• _What you have to do_:
When you reach the line containing "- EASY-TO-CLEAN: Dishwasher", begin reproducing the material exactly, stop after the line containing "на схеме ползунок", and leave out any pictures along the way.

• _Record extracts_:
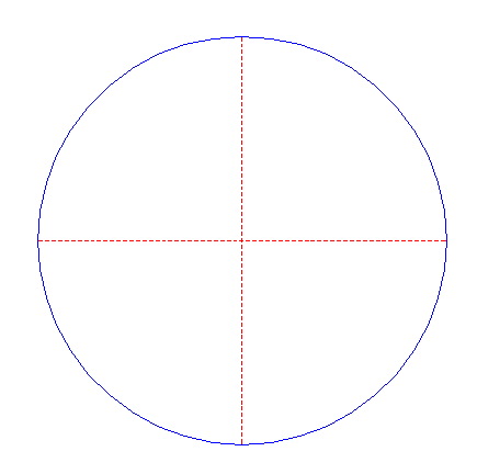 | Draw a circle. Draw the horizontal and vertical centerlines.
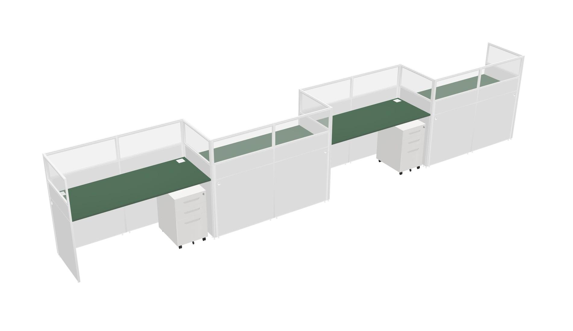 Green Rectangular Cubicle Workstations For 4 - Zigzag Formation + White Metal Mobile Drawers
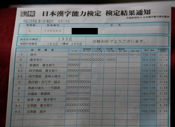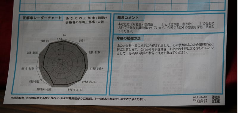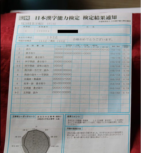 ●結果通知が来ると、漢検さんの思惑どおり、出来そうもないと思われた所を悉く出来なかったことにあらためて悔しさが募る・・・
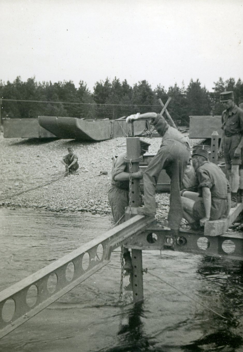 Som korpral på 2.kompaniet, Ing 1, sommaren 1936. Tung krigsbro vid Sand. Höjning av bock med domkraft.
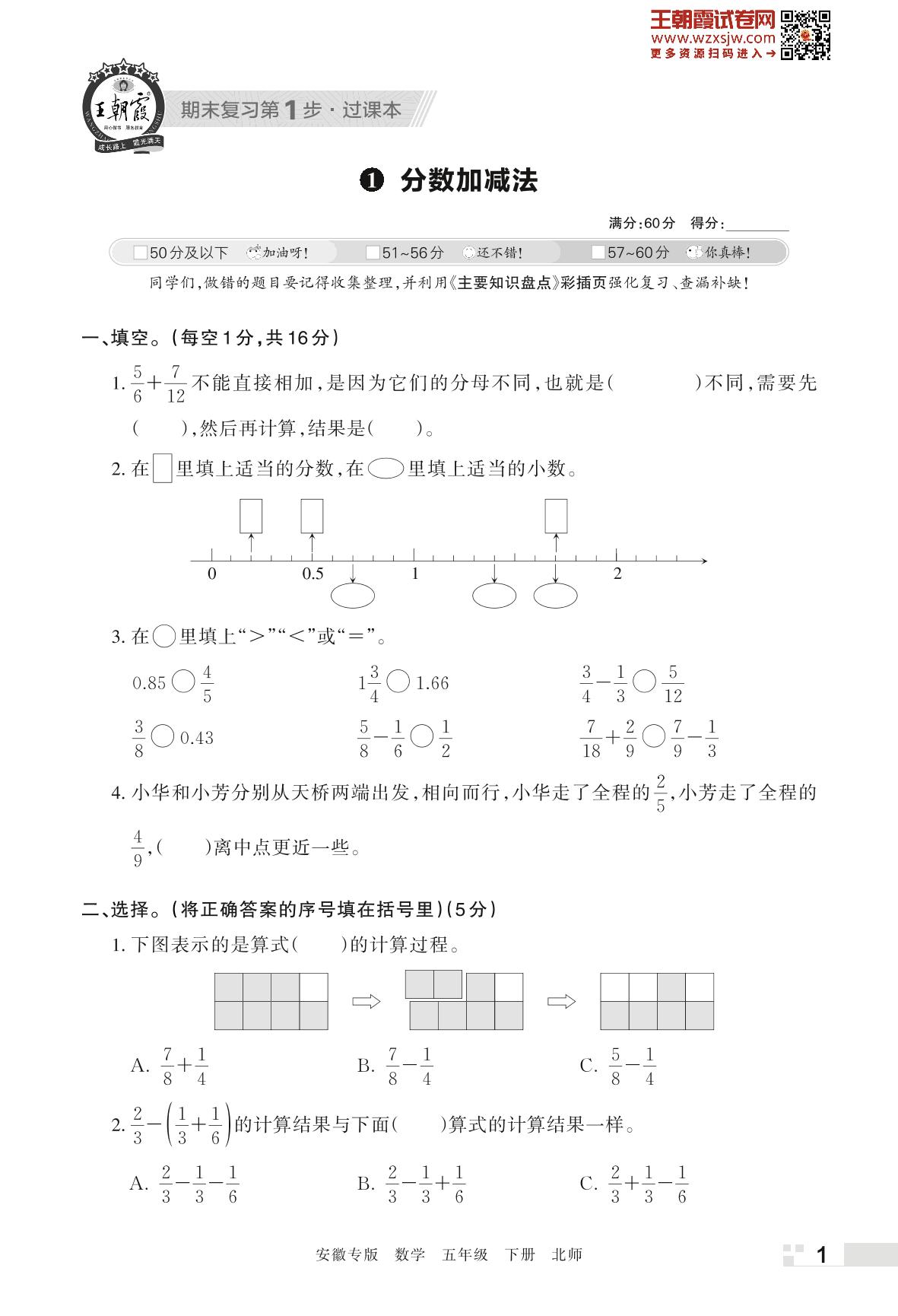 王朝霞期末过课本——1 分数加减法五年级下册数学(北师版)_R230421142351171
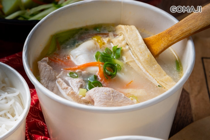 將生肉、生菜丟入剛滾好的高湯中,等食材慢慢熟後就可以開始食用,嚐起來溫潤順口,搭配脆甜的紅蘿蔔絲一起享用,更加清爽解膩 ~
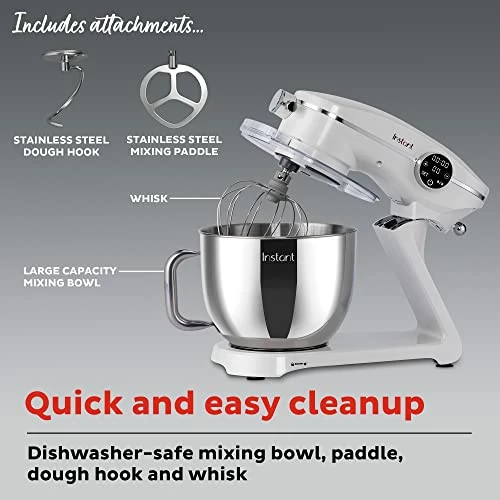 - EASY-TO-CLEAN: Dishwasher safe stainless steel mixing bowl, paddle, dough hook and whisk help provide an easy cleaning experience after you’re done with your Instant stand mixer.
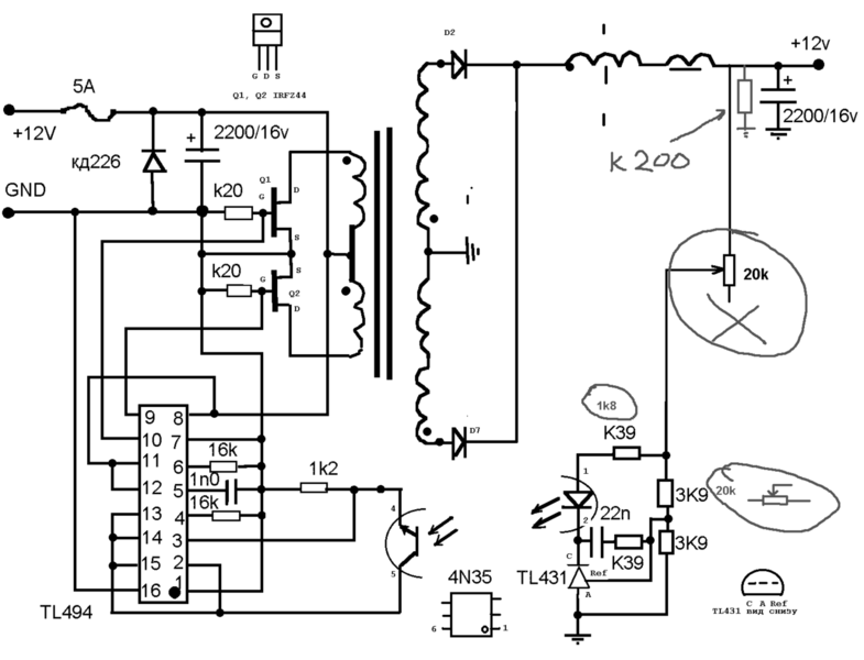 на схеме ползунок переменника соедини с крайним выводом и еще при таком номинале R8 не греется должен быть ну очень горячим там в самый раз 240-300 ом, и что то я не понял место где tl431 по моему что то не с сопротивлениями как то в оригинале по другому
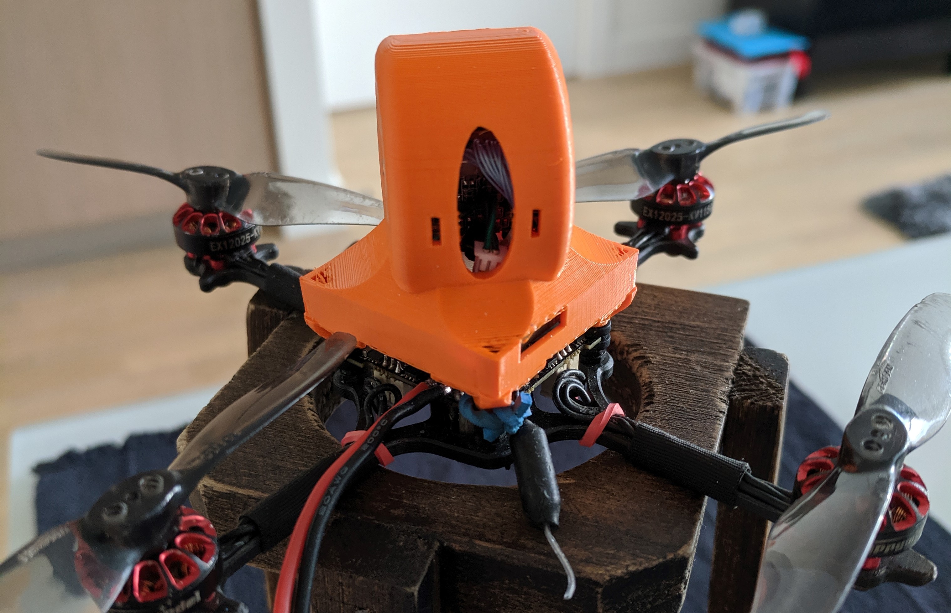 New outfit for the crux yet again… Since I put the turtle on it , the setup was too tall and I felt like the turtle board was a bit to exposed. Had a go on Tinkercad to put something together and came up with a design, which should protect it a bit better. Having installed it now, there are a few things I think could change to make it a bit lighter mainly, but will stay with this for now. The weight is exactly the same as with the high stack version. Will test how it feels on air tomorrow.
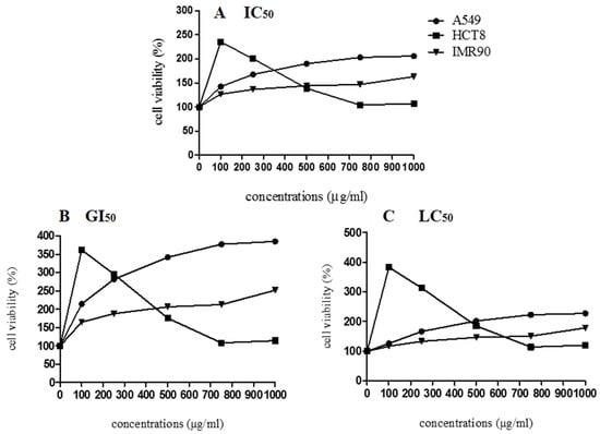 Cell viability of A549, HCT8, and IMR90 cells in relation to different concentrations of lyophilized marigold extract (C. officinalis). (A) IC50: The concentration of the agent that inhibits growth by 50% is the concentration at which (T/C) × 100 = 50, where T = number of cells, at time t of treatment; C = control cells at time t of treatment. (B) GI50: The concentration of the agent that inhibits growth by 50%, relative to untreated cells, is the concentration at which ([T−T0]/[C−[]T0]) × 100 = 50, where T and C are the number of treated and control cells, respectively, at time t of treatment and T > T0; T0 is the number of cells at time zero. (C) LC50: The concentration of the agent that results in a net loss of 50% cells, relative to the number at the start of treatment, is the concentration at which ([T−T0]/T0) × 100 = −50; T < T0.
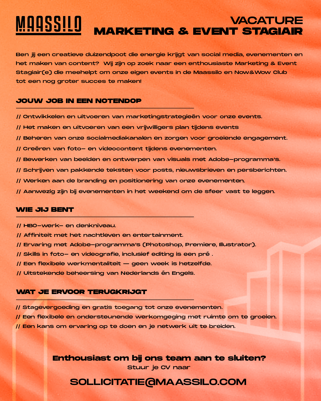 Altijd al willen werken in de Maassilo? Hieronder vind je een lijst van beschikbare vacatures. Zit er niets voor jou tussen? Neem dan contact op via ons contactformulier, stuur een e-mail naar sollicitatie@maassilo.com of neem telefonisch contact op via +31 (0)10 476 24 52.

• _Response below_:
 - EASY-TO-CLEAN: Dishwasher safe stainless steel mixing bowl, paddle, dough hook and whisk help provide an easy cleaning experience after you’re done with your Instant stand mixer.
 на схеме ползунок переменника соедини с крайним выводом и еще при таком номинале R8 не греется должен быть ну очень горячим там в самый раз 240-300 ом, и что то я не понял место где tl431 по моему что то не с сопротивлениями как то в оригинале по другому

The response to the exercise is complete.